### ABOUT THIS EXERCISE
Nothing may be left out of the listing below but its images; repeat the rest exactly.

RAW DATA section start

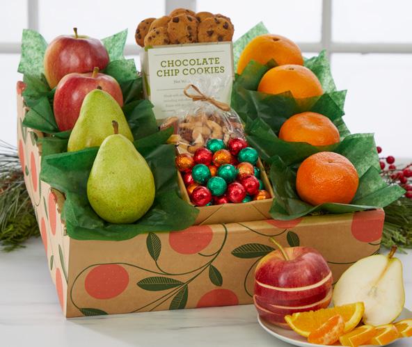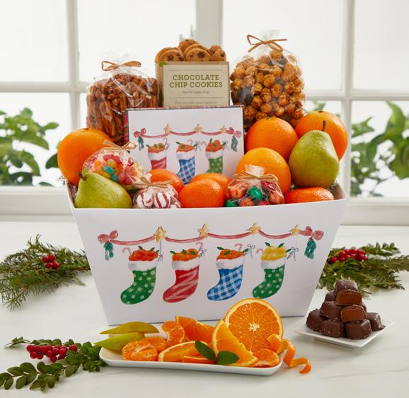 Thrill your friends, family and associates with Chocolate Chip Cookies, Holiday Milk Chocolates, Deluxe Mixed Nuts and Chocolate Crunch Popcorn, along with your choice of fruit, rushed straight from the trees and ready to enjoy. Original gift assortments and exclusive treats, only from us.
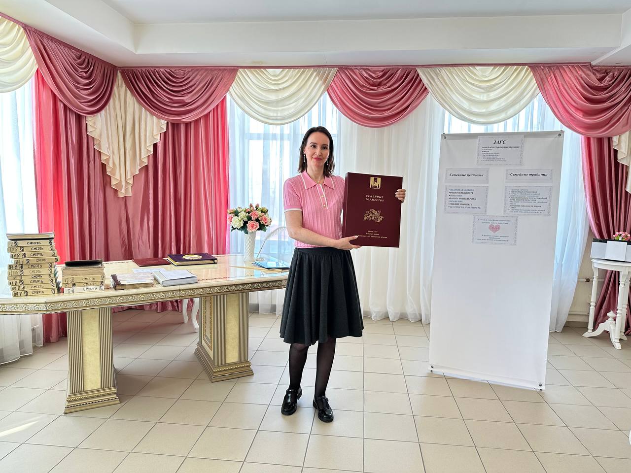 Познавательная экскурсия началась с посещения архива ЗАГС. Затем в зале торжественных бракосочетаний начальник отдела Петраш О. Г. рассказала школьникам о работе учреждения. Ребятам объяснили, что ЗАГС — это не только место проведения свадеб, но и важный орган, который фиксирует ключевые события в жизни человека: рождение, смерть, заключение и расторжение брака, установление отцовства, усыновление и перемену имени. Отдельное внимание уделили современным технологиям, которые делают услуги более доступными для граждан.
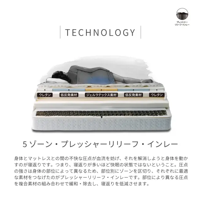 身体の部位別にゾーンを区切り、それぞれに最適な素材を組み合わせ、部位により異なる圧点を緩和、除去して寝返りを低減します。 (頭から肩の部分には低反発素材を、荷重の大きい腰から尻の部分にはジェルラテックス素材を、脚の部分には低反発素材を使用。)
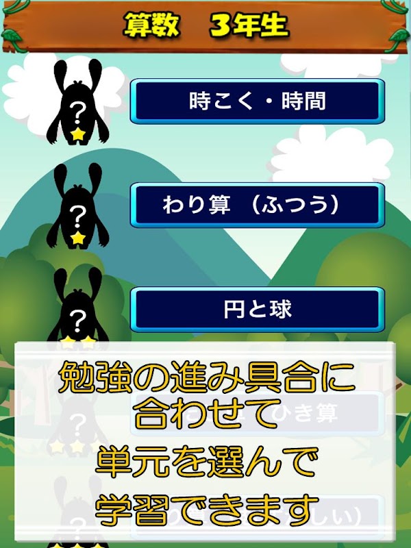 小学校3年生の算数アプリの決定版!学習の進み具合に合わせて単元を選択して、効率的に復習できます。4択のクイズ形式という使いやすさ、勉強のご褒美にモンスターを集めていく楽しさで、子供が継続的に勉強します。

RAW DATA section end

### RESULT OF THIS EXERCISE
 Thrill your friends, family and associates with Chocolate Chip Cookies, Holiday Milk Chocolates, Deluxe Mixed Nuts and Chocolate Crunch Popcorn, along with your choice of fruit, rushed straight from the trees and ready to enjoy. Original gift assortments and exclusive treats, only from us.
 Познавательная экскурсия началась с посещения архива ЗАГС. Затем в зале торжественных бракосочетаний начальник отдела Петраш О. Г. рассказала школьникам о работе учреждения. Ребятам объяснили, что ЗАГС — это не только место проведения свадеб, но и важный орган, который фиксирует ключевые события в жизни человека: рождение, смерть, заключение и расторжение брака, установление отцовства, усыновление и перемену имени. Отдельное внимание уделили современным технологиям, которые делают услуги более доступными для граждан.
 身体の部位別にゾーンを区切り、それぞれに最適な素材を組み合わせ、部位により異なる圧点を緩和、除去して寝返りを低減します。 (頭から肩の部分には低反発素材を、荷重の大きい腰から尻の部分にはジェルラテックス素材を、脚の部分には低反発素材を使用。)
 小学校3年生の算数アプリの決定版!学習の進み具合に合わせて単元を選択して、効率的に復習できます。4択のクイズ形式という使いやすさ、勉強のご褒美にモンスターを集めていく楽しさで、子供が継続的に勉強します。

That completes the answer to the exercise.